«Загадка женственности»['The Feminine Mystique'] | страница 54



Большинство девушек, выросших в годы, когда феминистки пытались уничтожить причины, порождавшие клеветнический образ «нежного ничтожества», отчасти восприняли образ женщин-мужененавистниц от своих матерей, которые были все еще у него в плену. Их матери и были, возможно, прообразом мифа о женщинах-мужененавистницах. Чувство презрения и самоуничижения, которое могло превратить нежную домашнюю хозяйку во властную мегеру, обращало их дочерей в рассвирепевшую копию мужчины. Первые женщины в бизнесе и женщины, получившие профессию, считались уродами. Некоторые из них, сомневающиеся в своих новых свободах, видимо, отказывались быть добрыми и нежными, любить, иметь детей из страха потерять завоеванную независимость, из страха вновь стать обманутыми, как их матери.
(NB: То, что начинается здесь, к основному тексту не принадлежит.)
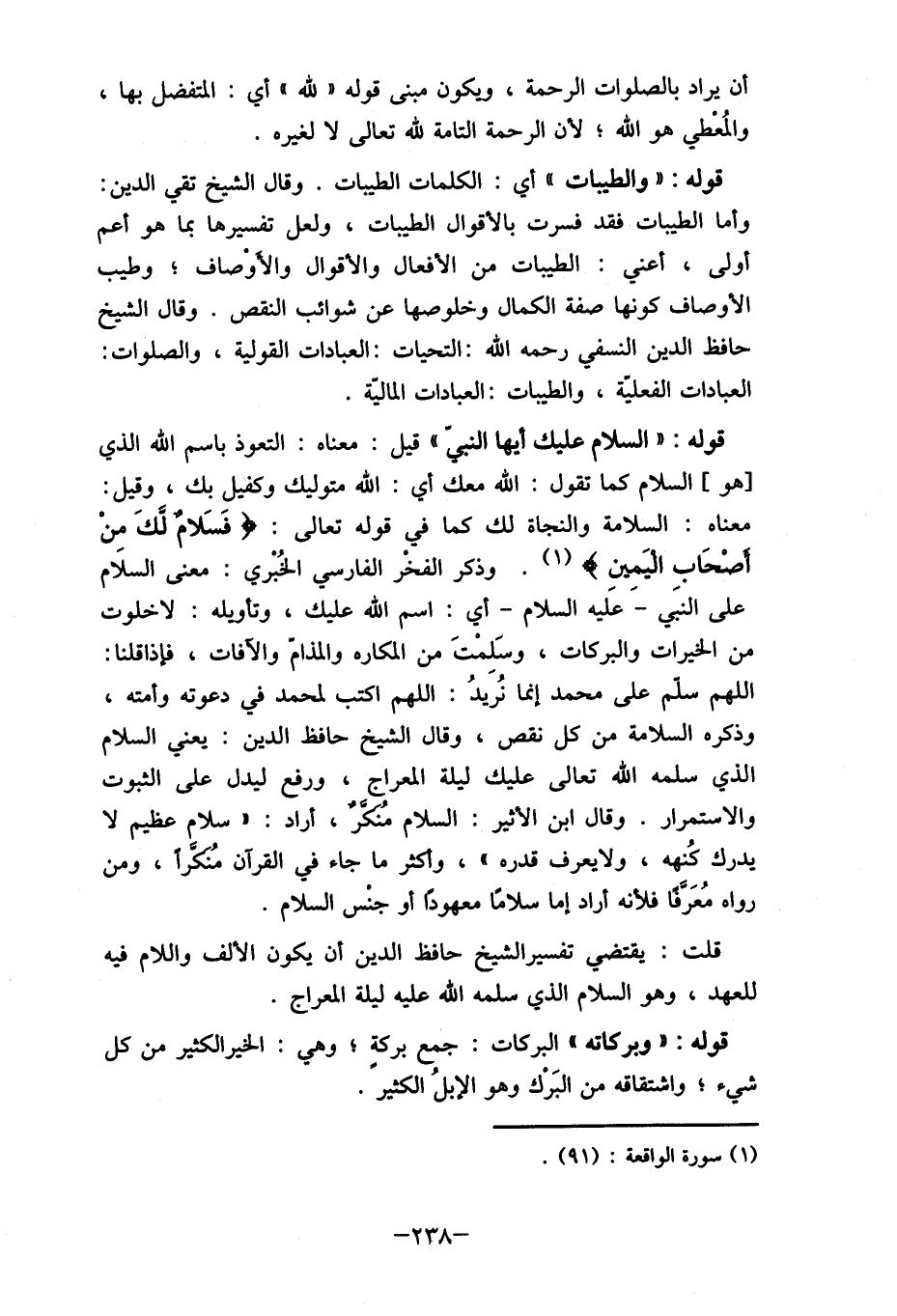 قوله: "السلام عليك أيها النبيّ، قيل: معناه: التعوذ باسم الله الذي [هو] السلام كما تقول: الله معك أي: الله متوليك وكفيل بك، وقيل: معناه: السلامة والنجاة لك كما في قوله تعالى: "فسلام لكَ منْ أصْحَاب اليَمين" (1) . وذكر الفخْر الفارسي الخُبْري: معنى السلَام على النبَي- عَليه السلام- أي: اسم الله عليك، وتأويله: لا خلوت من الخيرات والبركات، وسًلِمْتَ من المكاره والمذامّ والآفات، فإذا قلنا: اللهم صلي على محمد إنما نُريدُ: اللهم اكتب لمحمد في دعوته وأمته، وذكره السلامة من كل نقص، وقال الشيخ حافظ الدين: يعني السلام الذي سلمه الله تعالى عليك ليلة المعراج، ورفع ليدل على الثبوت والاستمرار. وقال ابن الأثير: السلام مُنكر، أراد: " سلام عظيم لا يدرك كُنهه، ولا يعرف قدره"، وكثر ما جاء في القرائن مُنكَّرا، ومن رواه مُعَرفا فلأنه أراد إما سلاما معهودة أو جنْس السلام.
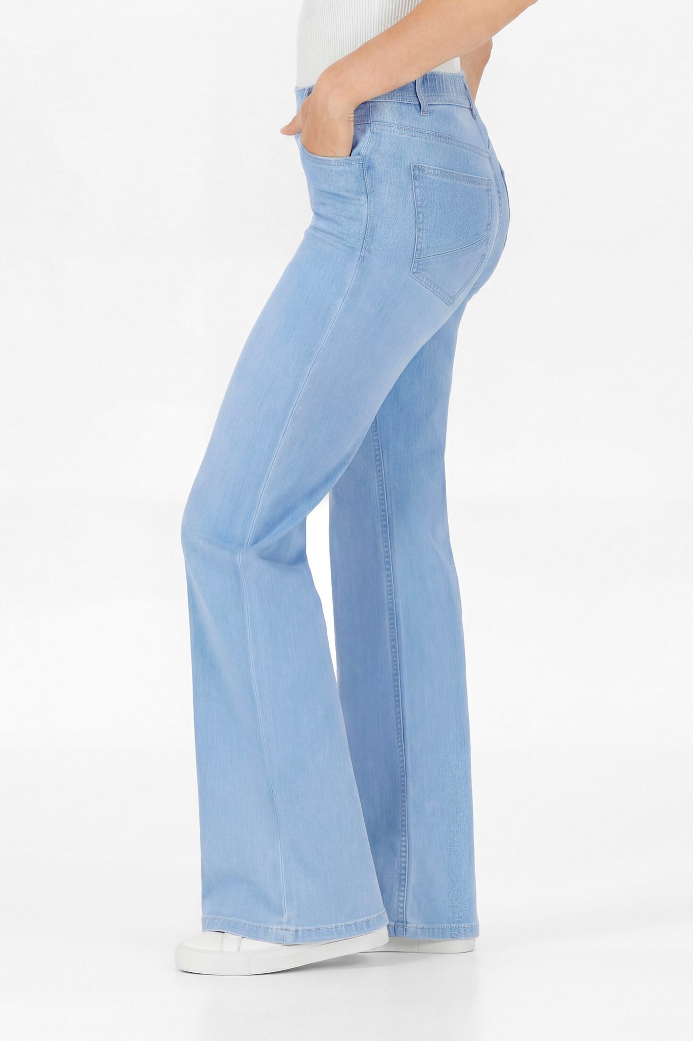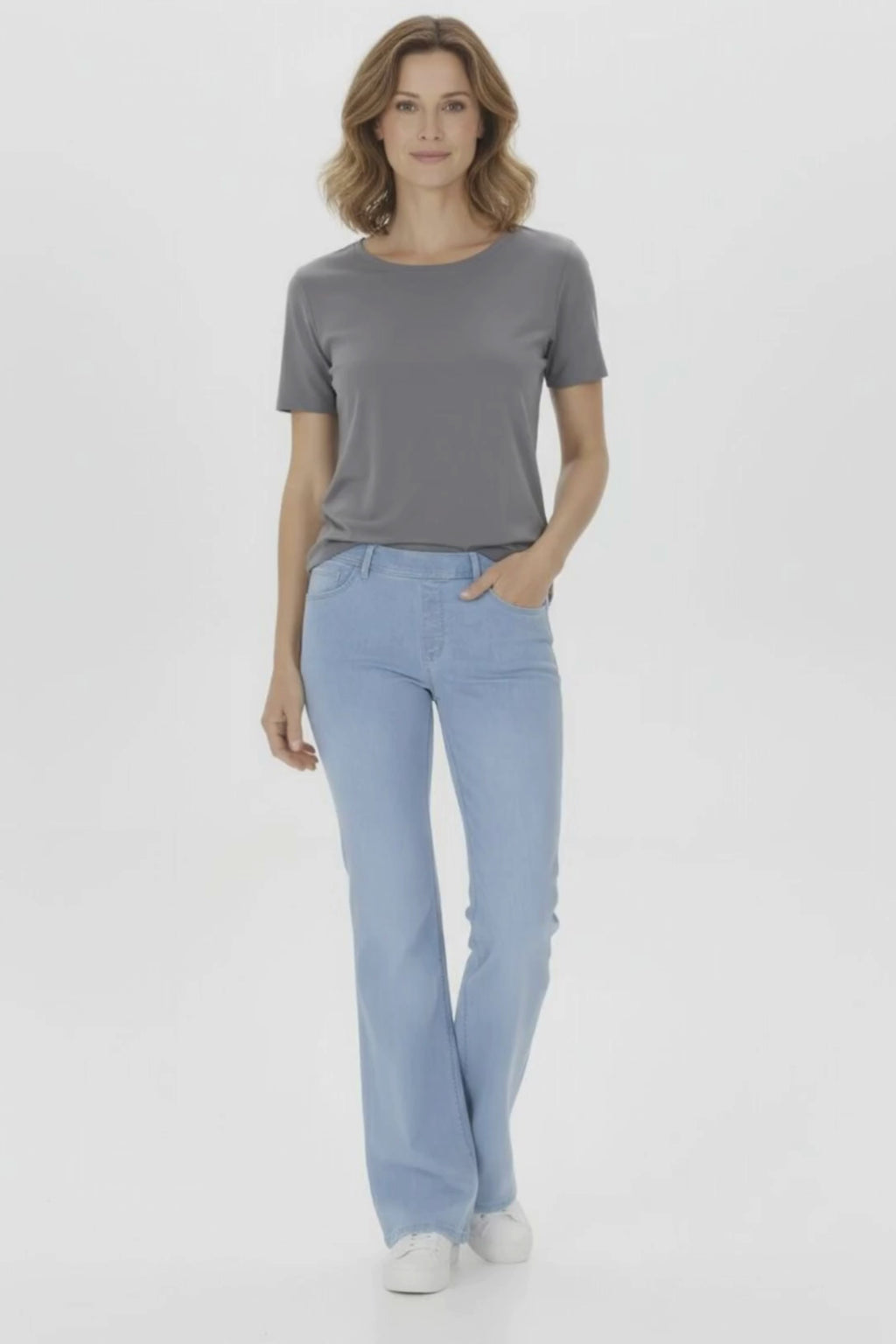 Melli jeans are 5-pocket trousers with flared legs and an elastic waistband. The power stretch denim ensures excellent comfort and a flattering fit. The straight cut with a flared leg and slightly raised waist creates a sleek and feminine silhouette.
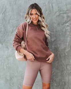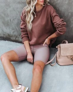 Give your athleisure collection an upgrade in this latte colored set! Our Taylin Cotton Blend Sweatshirt features a crew neckline. Designed with long sleeves and ribbed edges. Styled with the Perfect Hoop Earrings, Chloe Mini Necklace, Initial Card Necklace, Simple Bangle Bracelet, Val Chain Convertible Backpack, Taylin Ribbed Biker Shorts, and Boulevard Faux Suede Sneaker.
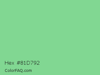 Hex #81d792 Color is a light green color and the nearest color is De York #7ac488. Hex code #81d792 and RGB value is rgb(129,215,146). In RGB color space, this color is composed of 51% red, 84% green, 57% blue, In CMYK color space, this color is composed of 40% cyan, 0% magenta, 32% yellow , 16% black , In HSL color space, this color has a hue angle of 132° , 52% saturation and 67% lightness.
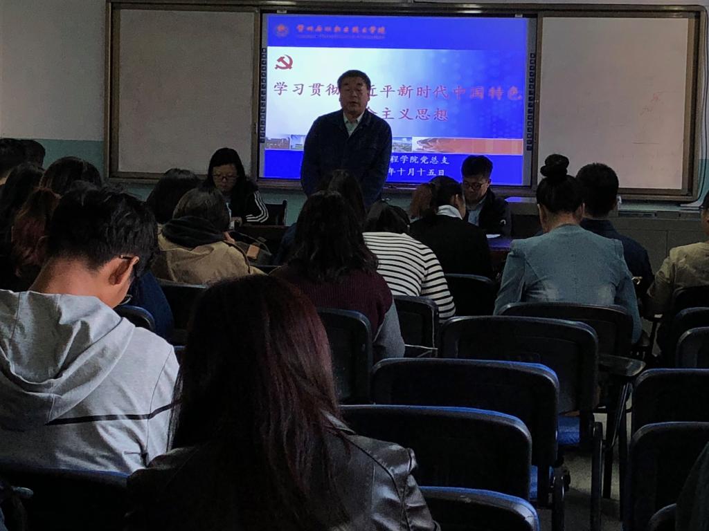 10月15日下午,beat365在线官网入口于石化楼会议室组织全体教师学习习近平新时代中国特色社会主义思想,学习会议由公司党总支书记呼小洲主持。
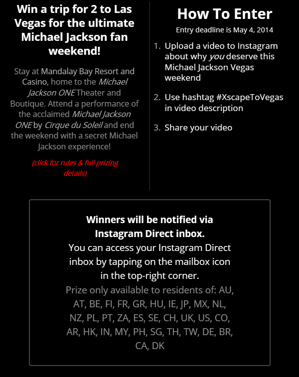 | From the estate of Michael Jackson: The Estate of Michael Jackson and Sony Music are very excited to announce the launch of a contest today providing two lucky winners (and a guest) the opportunity for the ultimate Michael Jackson weekend in Las Vegas. The contest is open to fans in many countries worldwide, but not all. Due to local legal restrictions, residents in certain territories are not eligible to participate in the sweepstakes. However, all fans worldwide are welcome and encouraged to create a video and participate in the contest for fun, even if they are not a resident of a country in which they are eligible to win. Please visit http://vegas.michaeljackson.com for contest details and eligibility. Good luck! MJOnline The Official Online Team of The Michael Jackson Estate™ |
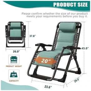 PESADO Nossa cadeira de gravidade zero suporta até 200 kg. O tubo de aço é engrossado, para que a cadeira não balance ou desmorone, e a capacidade de carga seja maior e mais segura. Atualizando o tecido para tornar o sono mais confortável SISTEMA DE BLOQUEIO Esta poltrona reclinável ao ar livre pode ser ajustada de 90 a 170 sem esforço para sua preferência. Simplesmente empurre o clipe para desbloquear a posição e puxe o clipe para trás para prendê lo na posição desejada PORTÁTIL E FÁCIL DE USAR Esta cadeira de gramado dobrável pode ser dobrada e desdobrada em segundos. As espreguiçadeiras de camping são fáceis de transportar e zenar, e você pode carregá las facilmente de carro. Adequado para terraços, relvados, jardins, quintais, varandas, piscinas e praias PROJETO DE ALMOFADA DE PÉ ALARGADO Torna a cadeira mais estável, evitando danos ao chão o reforço do conector torna o quadro mais estável e não é fácil de deformar. USO MÚLTIPLO Se você deseja relaxar lendo um livro ou fazer uma pausa rápida, esta cadeira confortável é a solução ideal. Pode ser para atividades internas e externas, como reuniões familiares, churrascos ou dias de praia, ou no escritório Marca: Não Informado
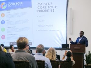 - An inspiring keynote from Rachel Carpenter, Chief Safety Office at Caltrans, on the shift to the Safe Systems Approach in California and across the US and an exciting announcement on the recent signing of the Joint Secretary’s Policy on Road Safety by the California State Transportation Agency (CalSTA) and the California Health and Human Services Agency.

Они и укрепили этот миф.

Но их дочери, которые выросли, имея уже права, завоеванные феминистками, не могли вернуться к старому образу «нежного ничтожества», не было у них и причин быть похожими на сердитых мужчин или бояться любить их, как это

было с их тетушками и матерями. Сами того не понимая, они подошли к поворотному пункту осознания себя как личности. Они наконец переросли старый образ и могли самостоятельно выбирать, кем стать. Но какой им был предоставлен выбор? С одной стороны, злобная феминистка, мужененавистница, женщина, делающая карьеру, нелюбящая, нелюбимая и одинокая. С другой стороны, нежная жена и мать, окруженная заботой любящего мужа, проводящая все дни со своими ненаглядными детками. Хотя многие женщины продолжали идти дорогой борьбы, на которую впервые вступили еще их бабушки, тысячи других женщин — жертвы ошибочного выбора — сошли с нее.

Причины их выбора были, конечно, намного сложнее, чем влияние мифа о феминистках. Как смогли китайские женщины обнаружить, что они могут бегать, после того как в течение многих поколений их ноги были заключены в колодки? Первые женщины, с которых сняли колодки, наверное, испытывали такую боль, что некоторые из них боялись даже встать на ноги, а не то что ходить или бегать. Чем больше они ходили, тем меньше болели их ноги. Но что произошло бы, если бы до того, как выросло первое поколение китайских девочек с раскрепощенными ногами, доктора, желая избавить их от боли и разочарования, вновь поместили бы их ноги в колодки? Если бы их учили, что ходить в колодках очень женственно, что, если они хотят, чтобы их любили мужчины, они должны ходить только таким образом? Если бы им говорили, что они станут лучшими матерями, если не смогут далеко уйти от своих детей? Если бы торговцы с лотков, поняв, что женщины, которые не могут далеко ходить, купят у них больше безделушек, стали распространять басни о том, как опасно бегать и какое счастье, когда твои ноги в колодках? Захотели бы тогда китайские девочки, чтобы их ноги были надежно закреплены в колодках, соблазнились бы они на то, чтобы хоть однажды пройтись или пробежаться?